I then proceeded to create the same indexes in this partitioned table as they are in original TB_SOURCE but could not create UNIQUE LOCAL indexes on columns ED_UCC_SEQNUM and on DAD_ACUTE_SEQNUM as it threw an error saying something to the effect that UNIQUE columns must be part of the partition key or something similar. So, I just created NON-UNIQUE indexes instead and all of the indexes created are LOCAL indices on the partitioned table, as shown:-

I then gathered full table and index stats and then tried running the above CTAS (but reading FROM tb_source_partitioned s;) to see if there was any improvement but sadly, it was taking longer than 4 hrs based on my testing and I had to manually cancel the query. Unfortunately, partitions did not help.

A few questions:-
1. Do you think that my use of the PARALLEL_INDEX(8) hint in the above CTAS is forcing Oracle to use indexes instead of the full table scan?
2. Should I keep the TB_SOURCE_PARTITIONED table or drop it?
3. Should I keep using the non-partitioned TB_SOURCE and use MERGE to populate it going forward?

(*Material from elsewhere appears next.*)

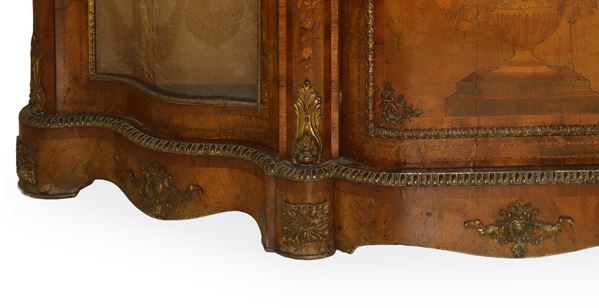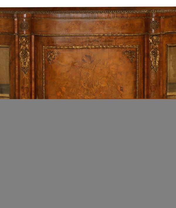 Napoleon III etagere in walnut root with light wood inlays and applied bronzes, 19th century
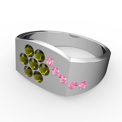 Pembe kuvars ve peridot 18 ayar beyaz altın yüzük

There is no requirement for the TARGET table to be partitioned but the Data Scientist wants to create additional follow-up tables based off of this TB_TARGET to perform subsequent analysis until the final analysis tables are created to be used for final reporting.
I am looking forward to performing the next steps based on your recommendations and instructions.
Thank you once again for your help.

Jonathan Lewis

If someone hired me to address this question I'd spend a couple of hours talking to your data scientist about what they wanted to do with the data before I made any suggestions about how to add an ordering column to a data set of 156M rows. Try to imagine how many exchanges of notes that's going to turn into if I have have to read your replies and write more questions asking for clarification - I don't have that much time free.
A couple of points:
If the tb_source table is recreated each month why not include the analytic sort in its creation - a brute force, one-off create is probably the most efficient way to prepare the data set.
You said the tb_source was a subset of the data - that suggests there may be data in the table this month that won't be needed next month, or maybe next year. Have you considered the possibility of having to remove data.
A MERGE command requires uniqueness on the "ON" columns of the new data otherwise you risk a run-time error (about a "stable set of rows") and Oracle rolling back the update so far. If you do manage to deal with the uniqueness how are you going to avoid updating every row in the 156MB or conversely, how are you going to ensure that the rows (and only those rows) that need an update are updated.
Even if you manage to get a working MERGE to add data, how are you going to set the relevant row_number, lag/lead date columns for the new data populated. And what if a new row for a pat_id has a visit date that is earlier than the highest existing vist date for that pat_id - it probably "shouldn't" happen, but probably will happen.
If you don't know what the end-user is going to do with the data and you don't really understand how partitioning works then you shouldn't be using partitioning (at least not until you know why it might make the end-user's queries run significantly more efficiently).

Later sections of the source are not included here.